Health-safe water is the basis of a healthy life and is one of the priorities in primary health care. Water safety involves microbiological, physicochemical and radiologically clean water, a sufficient amount of water and continuous delivery. Due to the great epidemiological importance of water, whose impact is immediate and through which various infectious diseases can be transmitted harmful and dangerous chemicals can be introduced, it is necessary, in order to protect human health, to control the safety of drinking water. The aim of this study was to determine the microbiological safety of water used for watering animals, as well as in the food industry. Based on data collected from year 2015 to 2017, 26.20% water samples did not meet requirements defined by Regulation on hygienic quality of drinking water.

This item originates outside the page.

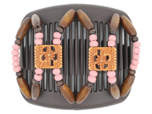 This Dupla Brown Hair Comb features light brown square acrylic tribal focal beads, dark chocolate brown wood beads, and dusty rose accent wood beads. Note: Bead color may have a slight variation from those displayed due to different devices.

The greatest number of samples was unsatisfactory due to an increased number of microorganisms at the temperatures of 22°C (63.40%) and 37°C (54.90%), and when it comes to pathogenic microorganisms due to the presence of intestinal enterococci (58.80%). The lowest risk of the presence of coliforms and E. coli is in the water from the water supplying network, while it's much higher presence is in wells and in the water from the wellspring. The presence of intestinal enterococci is significant in all three types of drinking water, while the presence of sulphite-reducing clostridia was observed only in the wellspring water.